What you should do:
Will you extract the entries word for word? Images should not appear in the copy.

** Opening Source material block **

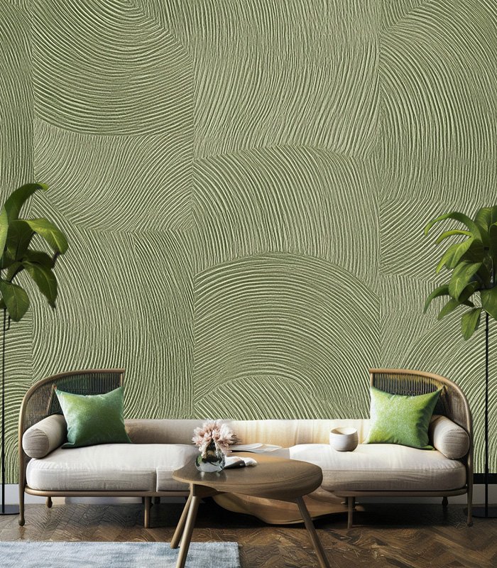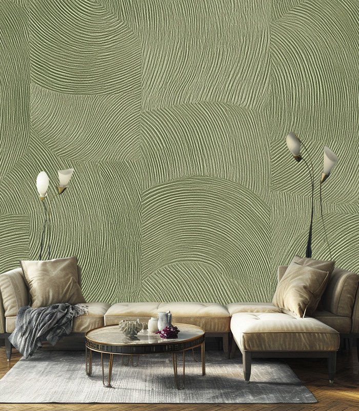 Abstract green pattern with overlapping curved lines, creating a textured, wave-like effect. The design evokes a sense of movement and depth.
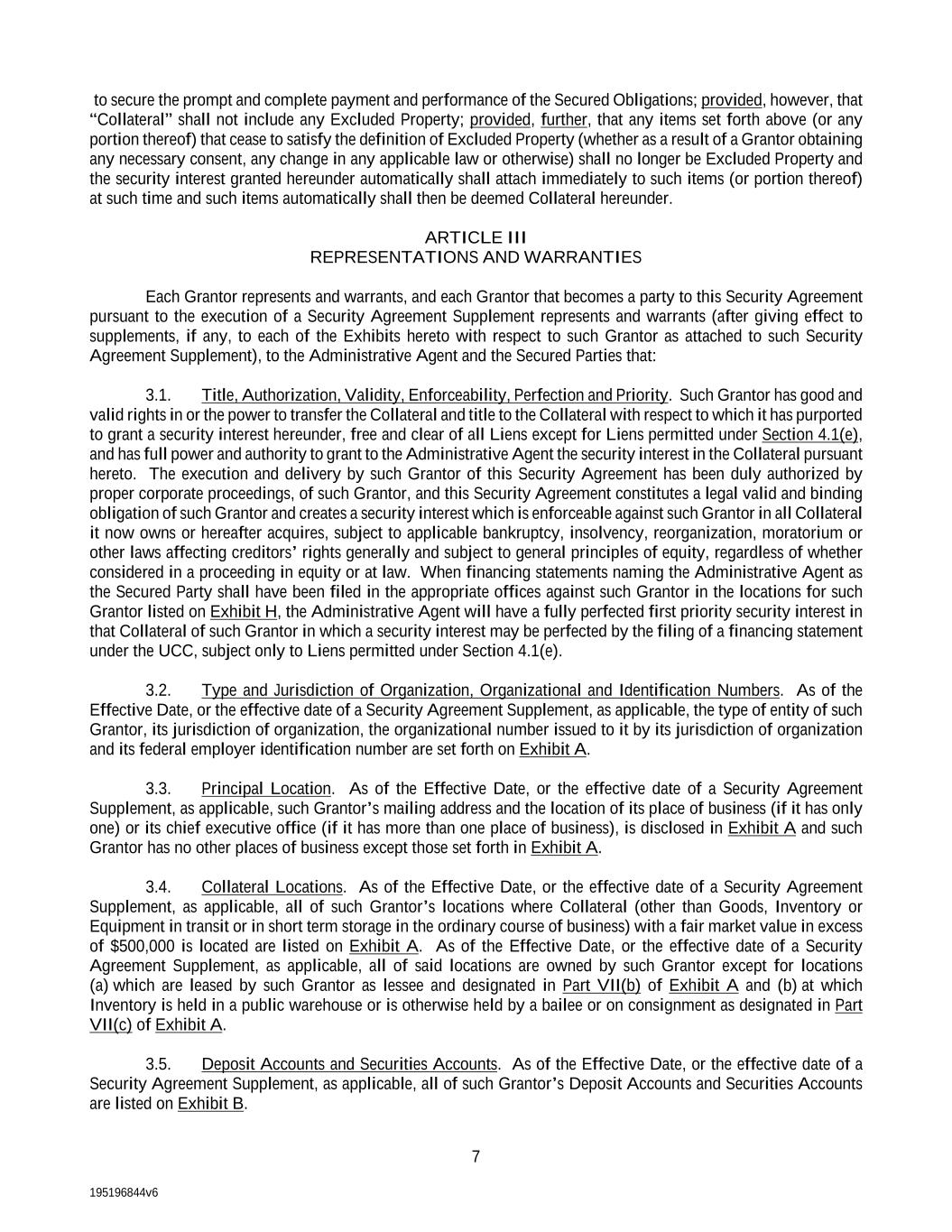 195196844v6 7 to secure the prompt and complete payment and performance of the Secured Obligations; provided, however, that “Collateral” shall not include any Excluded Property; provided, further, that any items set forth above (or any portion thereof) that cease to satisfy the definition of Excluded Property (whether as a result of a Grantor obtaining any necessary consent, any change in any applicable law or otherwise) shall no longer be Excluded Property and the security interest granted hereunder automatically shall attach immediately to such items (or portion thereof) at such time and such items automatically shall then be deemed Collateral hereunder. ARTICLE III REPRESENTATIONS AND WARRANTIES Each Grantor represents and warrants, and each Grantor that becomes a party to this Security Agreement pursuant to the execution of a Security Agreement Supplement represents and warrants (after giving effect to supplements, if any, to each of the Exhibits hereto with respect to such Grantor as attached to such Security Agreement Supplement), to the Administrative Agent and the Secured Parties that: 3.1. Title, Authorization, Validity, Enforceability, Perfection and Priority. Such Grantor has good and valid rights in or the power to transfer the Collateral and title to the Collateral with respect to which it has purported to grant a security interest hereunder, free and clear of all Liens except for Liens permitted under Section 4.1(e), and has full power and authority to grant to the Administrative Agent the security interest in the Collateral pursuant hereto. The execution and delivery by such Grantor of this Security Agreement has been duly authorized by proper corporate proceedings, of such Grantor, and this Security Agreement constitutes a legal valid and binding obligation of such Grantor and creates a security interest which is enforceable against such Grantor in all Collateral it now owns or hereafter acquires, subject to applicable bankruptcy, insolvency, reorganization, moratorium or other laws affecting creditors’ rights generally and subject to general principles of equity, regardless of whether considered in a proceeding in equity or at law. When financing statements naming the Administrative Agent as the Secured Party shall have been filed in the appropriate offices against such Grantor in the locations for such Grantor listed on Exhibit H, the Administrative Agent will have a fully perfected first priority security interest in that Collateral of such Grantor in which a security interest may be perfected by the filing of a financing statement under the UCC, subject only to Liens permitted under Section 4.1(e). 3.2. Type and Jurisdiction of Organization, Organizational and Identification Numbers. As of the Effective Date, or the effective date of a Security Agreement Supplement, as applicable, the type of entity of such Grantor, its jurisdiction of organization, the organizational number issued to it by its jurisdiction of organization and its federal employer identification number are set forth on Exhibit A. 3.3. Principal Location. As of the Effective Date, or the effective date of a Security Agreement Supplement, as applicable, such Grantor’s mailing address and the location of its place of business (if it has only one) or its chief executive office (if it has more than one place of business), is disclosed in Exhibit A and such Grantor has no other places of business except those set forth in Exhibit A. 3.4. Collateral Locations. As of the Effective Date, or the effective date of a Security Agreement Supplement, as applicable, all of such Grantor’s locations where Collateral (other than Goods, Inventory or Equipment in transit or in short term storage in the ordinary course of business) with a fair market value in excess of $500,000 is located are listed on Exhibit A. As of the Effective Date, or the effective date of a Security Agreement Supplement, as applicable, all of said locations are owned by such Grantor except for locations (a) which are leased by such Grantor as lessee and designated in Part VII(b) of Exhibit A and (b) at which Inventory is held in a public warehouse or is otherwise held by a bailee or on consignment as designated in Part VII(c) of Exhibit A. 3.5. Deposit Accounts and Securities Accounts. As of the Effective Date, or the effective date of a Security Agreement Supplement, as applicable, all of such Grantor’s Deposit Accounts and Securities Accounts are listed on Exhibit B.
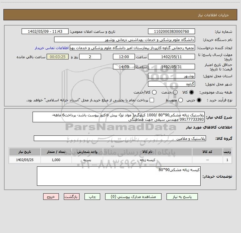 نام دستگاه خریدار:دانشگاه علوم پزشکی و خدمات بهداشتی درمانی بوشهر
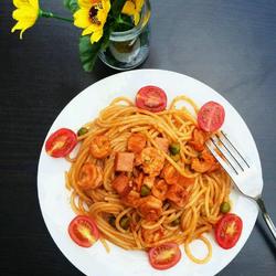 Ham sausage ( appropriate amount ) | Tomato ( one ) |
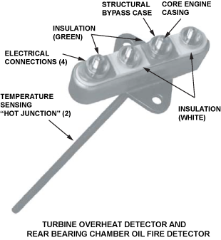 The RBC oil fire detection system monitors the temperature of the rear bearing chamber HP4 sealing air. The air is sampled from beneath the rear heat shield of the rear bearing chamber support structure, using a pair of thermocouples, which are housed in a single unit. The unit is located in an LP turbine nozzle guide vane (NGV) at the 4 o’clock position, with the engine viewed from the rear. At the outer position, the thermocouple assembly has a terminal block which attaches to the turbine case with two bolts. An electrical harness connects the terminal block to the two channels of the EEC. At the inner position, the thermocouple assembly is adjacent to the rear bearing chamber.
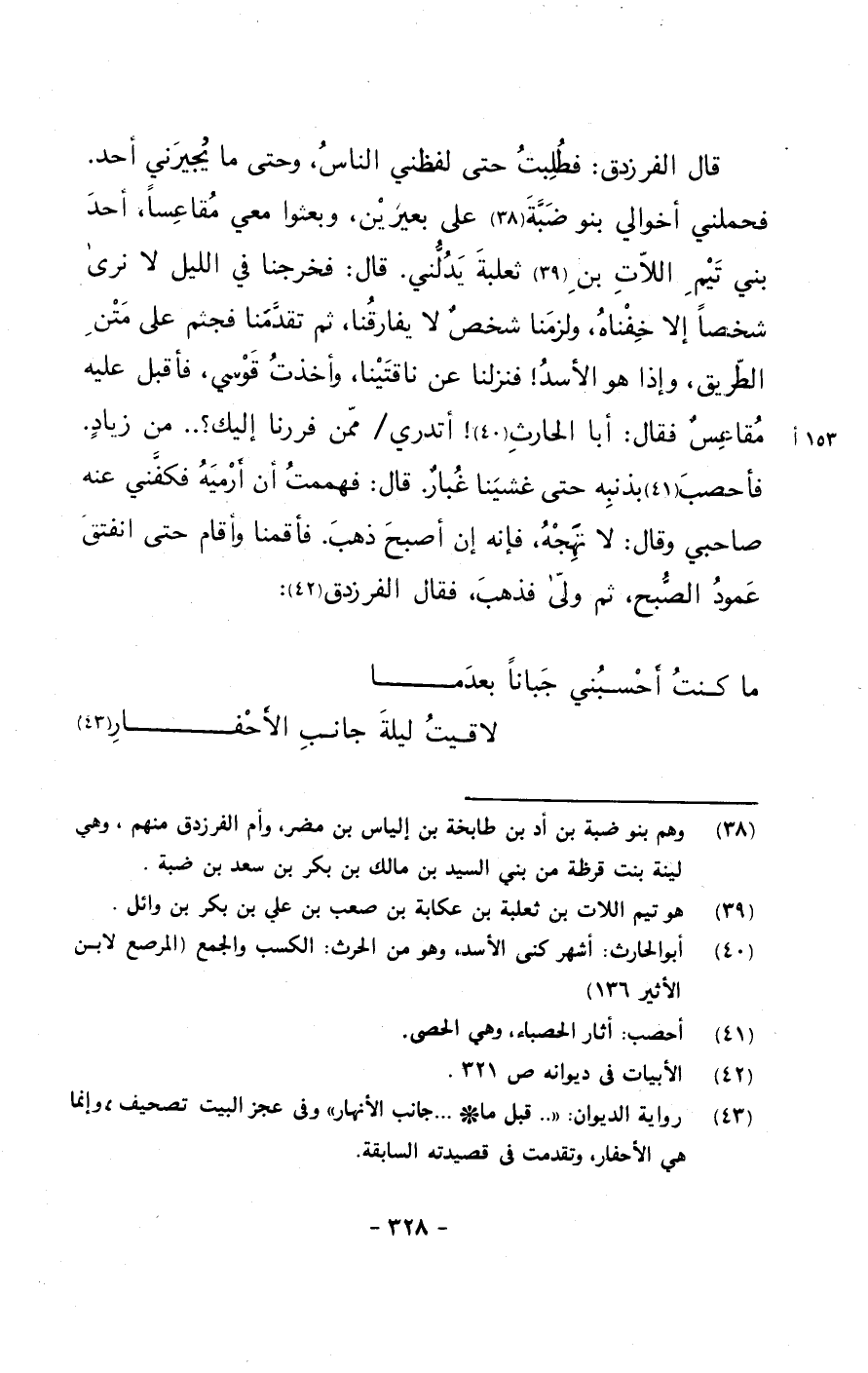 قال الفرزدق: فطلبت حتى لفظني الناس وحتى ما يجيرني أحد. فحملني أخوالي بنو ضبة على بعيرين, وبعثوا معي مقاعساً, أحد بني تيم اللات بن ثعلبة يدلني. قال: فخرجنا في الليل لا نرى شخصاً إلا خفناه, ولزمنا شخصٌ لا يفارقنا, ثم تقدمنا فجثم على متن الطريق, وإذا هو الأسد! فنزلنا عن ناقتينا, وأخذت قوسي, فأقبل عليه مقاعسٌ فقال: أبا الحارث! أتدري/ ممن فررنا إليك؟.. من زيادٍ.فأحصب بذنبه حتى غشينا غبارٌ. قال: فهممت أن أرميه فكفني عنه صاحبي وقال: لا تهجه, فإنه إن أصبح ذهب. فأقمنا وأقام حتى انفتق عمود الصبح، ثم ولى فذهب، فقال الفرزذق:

** Closing Source material block **

Solved exercise:
 Abstract green pattern with overlapping curved lines, creating a textured, wave-like effect. The design evokes a sense of movement and depth.
 195196844v6 7 to secure the prompt and complete payment and performance of the Secured Obligations; provided, however, that “Collateral” shall not include any Excluded Property; provided, further, that any items set forth above (or any portion thereof) that cease to satisfy the definition of Excluded Property (whether as a result of a Grantor obtaining any necessary consent, any change in any applicable law or otherwise) shall no longer be Excluded Property and the security interest granted hereunder automatically shall attach immediately to such items (or portion thereof) at such time and such items automatically shall then be deemed Collateral hereunder. ARTICLE III REPRESENTATIONS AND WARRANTIES Each Grantor represents and warrants, and each Grantor that becomes a party to this Security Agreement pursuant to the execution of a Security Agreement Supplement represents and warrants (after giving effect to supplements, if any, to each of the Exhibits hereto with respect to such Grantor as attached to such Security Agreement Supplement), to the Administrative Agent and the Secured Parties that: 3.1. Title, Authorization, Validity, Enforceability, Perfection and Priority. Such Grantor has good and valid rights in or the power to transfer the Collateral and title to the Collateral with respect to which it has purported to grant a security interest hereunder, free and clear of all Liens except for Liens permitted under Section 4.1(e), and has full power and authority to grant to the Administrative Agent the security interest in the Collateral pursuant hereto. The execution and delivery by such Grantor of this Security Agreement has been duly authorized by proper corporate proceedings, of such Grantor, and this Security Agreement constitutes a legal valid and binding obligation of such Grantor and creates a security interest which is enforceable against such Grantor in all Collateral it now owns or hereafter acquires, subject to applicable bankruptcy, insolvency, reorganization, moratorium or other laws affecting creditors’ rights generally and subject to general principles of equity, regardless of whether considered in a proceeding in equity or at law. When financing statements naming the Administrative Agent as the Secured Party shall have been filed in the appropriate offices against such Grantor in the locations for such Grantor listed on Exhibit H, the Administrative Agent will have a fully perfected first priority security interest in that Collateral of such Grantor in which a security interest may be perfected by the filing of a financing statement under the UCC, subject only to Liens permitted under Section 4.1(e). 3.2. Type and Jurisdiction of Organization, Organizational and Identification Numbers. As of the Effective Date, or the effective date of a Security Agreement Supplement, as applicable, the type of entity of such Grantor, its jurisdiction of organization, the organizational number issued to it by its jurisdiction of organization and its federal employer identification number are set forth on Exhibit A. 3.3. Principal Location. As of the Effective Date, or the effective date of a Security Agreement Supplement, as applicable, such Grantor’s mailing address and the location of its place of business (if it has only one) or its chief executive office (if it has more than one place of business), is disclosed in Exhibit A and such Grantor has no other places of business except those set forth in Exhibit A. 3.4. Collateral Locations. As of the Effective Date, or the effective date of a Security Agreement Supplement, as applicable, all of such Grantor’s locations where Collateral (other than Goods, Inventory or Equipment in transit or in short term storage in the ordinary course of business) with a fair market value in excess of $500,000 is located are listed on Exhibit A. As of the Effective Date, or the effective date of a Security Agreement Supplement, as applicable, all of said locations are owned by such Grantor except for locations (a) which are leased by such Grantor as lessee and designated in Part VII(b) of Exhibit A and (b) at which Inventory is held in a public warehouse or is otherwise held by a bailee or on consignment as designated in Part VII(c) of Exhibit A. 3.5. Deposit Accounts and Securities Accounts. As of the Effective Date, or the effective date of a Security Agreement Supplement, as applicable, all of such Grantor’s Deposit Accounts and Securities Accounts are listed on Exhibit B.
 نام دستگاه خریدار:دانشگاه علوم پزشکی و خدمات بهداشتی درمانی بوشهر
 Ham sausage ( appropriate amount ) | Tomato ( one ) |
 The RBC oil fire detection system monitors the temperature of the rear bearing chamber HP4 sealing air. The air is sampled from beneath the rear heat shield of the rear bearing chamber support structure, using a pair of thermocouples, which are housed in a single unit. The unit is located in an LP turbine nozzle guide vane (NGV) at the 4 o’clock position, with the engine viewed from the rear. At the outer position, the thermocouple assembly has a terminal block which attaches to the turbine case with two bolts. An electrical harness connects the terminal block to the two channels of the EEC. At the inner position, the thermocouple assembly is adjacent to the rear bearing chamber.
 قال الفرزدق: فطلبت حتى لفظني الناس وحتى ما يجيرني أحد. فحملني أخوالي بنو ضبة على بعيرين, وبعثوا معي مقاعساً, أحد بني تيم اللات بن ثعلبة يدلني. قال: فخرجنا في الليل لا نرى شخصاً إلا خفناه, ولزمنا شخصٌ لا يفارقنا, ثم تقدمنا فجثم على متن الطريق, وإذا هو الأسد! فنزلنا عن ناقتينا, وأخذت قوسي, فأقبل عليه مقاعسٌ فقال: أبا الحارث! أتدري/ ممن فررنا إليك؟.. من زيادٍ.فأحصب بذنبه حتى غشينا غبارٌ. قال: فهممت أن أرميه فكفني عنه صاحبي وقال: لا تهجه, فإنه إن أصبح ذهب. فأقمنا وأقام حتى انفتق عمود الصبح، ثم ولى فذهب، فقال الفرزذق:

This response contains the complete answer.